Google the term "lame duck company" and you may find Yahoo! (NASDAQ:YHOO) on top. If not, check back later, because it's bound to happen.

Yahoo! posted another lackluster quarter last night. Revenue before traffic-acquisition costs moved just 3% higher to $1.325 billion. Earnings, operating cash flow, and free cash flow all fell over last year's performance.

Yahoo! is no longer a bellwether. If you want a real barometer, you should have been here a week ago, when Google (NASDAQ:GOOG) posted revenue and earnings growth of 31% and 26% respectively. In fact, Google's third-quarter profit of $1.35 billion is more than Yahoo!'s TAC-adjusted top line!

This is a mess. The stock may have ticked higher on the news, but it's really just an exhale of relief that Yahoo! isn't completely irrelevant by now. It's getting close, though. Yahoo! came within a mere $5.7 million of posting an operating loss domestically. How pathetic is that?

The boardroom undoubtedly knows that its days are numbered. With the stock trading well below the $31 Microsoft (NASDAQ:MSFT) buyout offer that it rebuffed earlier this year, battered shareholders will want blood by next summer's annual meeting.

All aboard the unsinkable S.S. Yahoo!
Yahoo! isn't just rearranging the Titanic deck chairs: It's also tipping the band.

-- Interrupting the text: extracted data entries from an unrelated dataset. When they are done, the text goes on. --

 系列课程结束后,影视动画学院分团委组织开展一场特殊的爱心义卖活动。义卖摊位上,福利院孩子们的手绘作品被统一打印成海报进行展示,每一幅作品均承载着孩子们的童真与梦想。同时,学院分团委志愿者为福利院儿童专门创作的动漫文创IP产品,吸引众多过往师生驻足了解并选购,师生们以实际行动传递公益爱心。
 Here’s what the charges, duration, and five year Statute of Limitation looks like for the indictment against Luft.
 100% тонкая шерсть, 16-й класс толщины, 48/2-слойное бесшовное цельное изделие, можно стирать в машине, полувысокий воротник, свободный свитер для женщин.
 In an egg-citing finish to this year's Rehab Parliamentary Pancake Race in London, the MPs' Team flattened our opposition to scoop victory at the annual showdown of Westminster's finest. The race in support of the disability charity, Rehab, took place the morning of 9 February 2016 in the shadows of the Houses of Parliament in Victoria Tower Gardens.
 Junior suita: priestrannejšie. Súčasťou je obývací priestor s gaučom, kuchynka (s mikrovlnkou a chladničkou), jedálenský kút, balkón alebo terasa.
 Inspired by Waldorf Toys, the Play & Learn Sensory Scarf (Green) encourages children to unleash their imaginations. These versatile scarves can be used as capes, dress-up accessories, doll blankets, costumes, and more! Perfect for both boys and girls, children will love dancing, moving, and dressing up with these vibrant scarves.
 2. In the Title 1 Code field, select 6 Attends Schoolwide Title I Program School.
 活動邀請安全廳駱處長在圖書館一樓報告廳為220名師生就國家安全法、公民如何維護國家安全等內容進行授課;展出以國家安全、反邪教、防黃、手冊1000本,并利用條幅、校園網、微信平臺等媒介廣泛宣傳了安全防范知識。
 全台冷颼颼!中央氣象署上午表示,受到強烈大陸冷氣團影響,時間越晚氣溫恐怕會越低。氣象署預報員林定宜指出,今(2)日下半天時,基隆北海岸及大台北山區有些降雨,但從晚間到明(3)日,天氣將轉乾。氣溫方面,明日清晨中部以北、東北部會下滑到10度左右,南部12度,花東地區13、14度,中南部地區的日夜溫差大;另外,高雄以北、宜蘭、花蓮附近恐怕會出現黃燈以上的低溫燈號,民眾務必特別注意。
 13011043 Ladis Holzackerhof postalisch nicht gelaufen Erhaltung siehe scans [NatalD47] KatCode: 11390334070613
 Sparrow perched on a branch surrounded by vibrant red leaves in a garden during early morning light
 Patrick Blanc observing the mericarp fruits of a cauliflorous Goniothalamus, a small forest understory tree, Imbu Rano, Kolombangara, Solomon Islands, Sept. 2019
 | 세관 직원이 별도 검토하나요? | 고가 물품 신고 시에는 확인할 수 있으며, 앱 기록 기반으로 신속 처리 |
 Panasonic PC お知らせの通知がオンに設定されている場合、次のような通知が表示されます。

Last night's conference call was loaded with growth initiatives like new ad platforms and the push to turn its Yahoo! Mail juggernaut into a social networking beast. The problem is that you're hearing stuff like this every three months out of Yahoo!, yet every quarter finds it falling further behind to Google.

So if Yahoo! knows that its execs are toast -- and head-scratching moves like the rumored hookup with Time Warner's (NYSE:TWX) similarly rudderless AOL stink of "last call" barfly desperation -- is the company even really trying?  

Nothing is as emblematic of Yahoo!'s ineffectiveness as the announcement last night that it will trim "at least" 10% of its workforce. It may seem like a move that is long overdue given the company's chunky cost structure, but with 15,200 employees, the move is really just taking Yahoo! back to where it was with 13,800 hires at the end of the first quarter.

In other words, it's really just asking the dentist to scrape away the plaque that has accumulated over the past six months instead of having its wisdom teeth extracted. I'll insert a dramatic pause here so you can fire back the obvious one-liner about Yahoo!'s wisdom already being extracted.

You are funny. Yahoo!, unfortunately, is no laughing matter.

My kingdom for a compass
There is strength in Yahoo!'s report. It's just not where you expect to find it. After all, Yahoo! has done nothing but hammer its leadership position in display advertising -- over Google's bread-and-butter search stronghold -- but display advertising is up just 3% over the past year.

Yahoo! beats its chest about how its ad-serving technologies make it an attractive draw to newspaper consortiums and third-party publishers, yet affiliate revenue actually fell by 10% during the quarter.

Where Yahoo! is growing well is in search. Yahoo! came through with a 17% year-over-year gain in search revenue on its owned and operated sites. It's a line item that finally topped display revenue on Yahoo!'s own sites.

Maybe it's time for Yahoo! to embrace its role as a poor man's Google instead of trying to distance itself with its string of display advertising-related acquisitions.

If Yahoo! was smart, it would take that $3.3 billion in cash and marketable securities on its balance sheet and go shopping. Instead of buying display ad networks, it should concentrate on high-traffic sites that draw the audiences made for paid search advertising.

With companies like wedding planning hub The Knot (NASDAQ:KNOT), interest rate watcher Bankrate (NASDAQ:RATE), and car dealer lead generator Autobytel (NASDAQ:ABTL) at rock-bottom prices, just a third of Yahoo!'s cash hoard would be enough to buy all three companies, opening up the door to more lucrative ad outlets.

Then again, lame duck companies don't do that. They sit around and hope that Microsoft comes back, they run off a few extra copies of their resumes, or they keep Googling the term "lame duck company" until they finally lead in something.